A research firm supplies manufacturers with estimates of the sales of their products from samples of stores. Marketing managers often look at the sales estimates and ignore sampling error. An SRS of 50 stores this month shows mean sales of 41 units of a particular appliance with a standard deviation of 11 units. During the same month last year, an SRS of 52 stores gave mean sales of 38 units of the same appliances with a standard deviation of 13 units. An increase from 38 to 41 is a rise of 7.9% . The marketing manager is happy because sales are up 7.9% . (a) Give a 95% confidence interval for the difference in mean number of units of the appliance sold at all retail stores. (Enter your answer rounded to three decimal places.) lower interval: upper interval:

Answer 1

Mean difference = 41 - 38 = 3

The  standard error (SE) of the sampling distribution.

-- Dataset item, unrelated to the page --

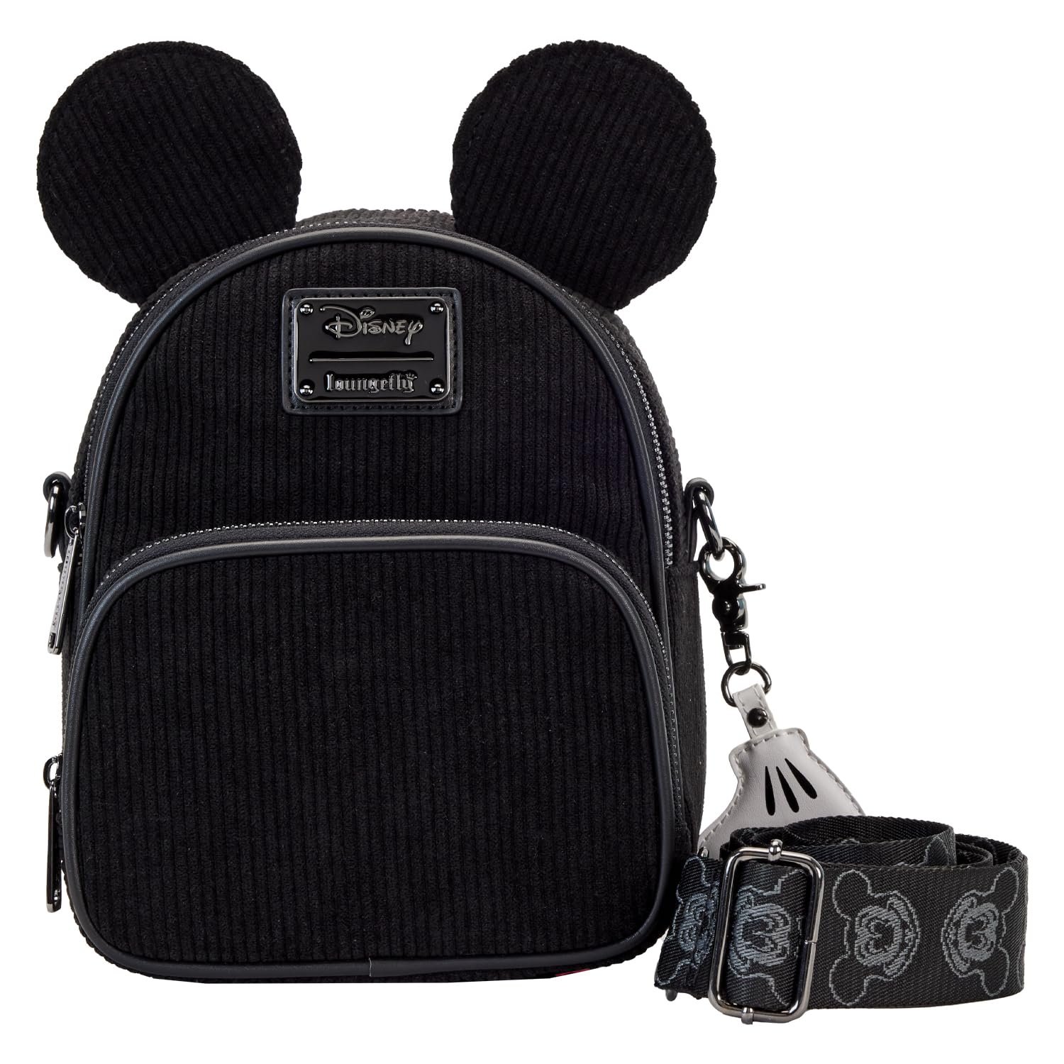 - Features: Nylon material, adjustable and detachable strap with a print of Mickey Mouse’s ears, detachable reversible coin purse, gold-colored metal hardware, printed, embroidered, and applique details with coordinating inside lining.

SE = sqrt[ (s1²/n1) + (s2²/n2) ]

where s1 is the  standard deviation of current year, s2 is the standard deviation of last year, n1 is the size of sample of current year, and n2 is the size of sample of last year.

SE = sqrt[ (11²/50) + (13²/52) ] = 2.381176

Assuming population standard deviations of sales in current ans last year are equal, degree of freedom = n1 + n2 - 2

= 50 + 52 - 2 = 100

t statistic at 95% confidence interval and df = 100 is 1.98

95% confidence interval is,

(3 - 1.98 * 2.381176, 3 + 1.98 * 2.381176)

= (-1.715, 7.715)

lower interval = -1.715

upper interval = 7.715

As, the confidence interval contains 0, there is no significant difference in mean number of units of the appliance sold at all retail stores.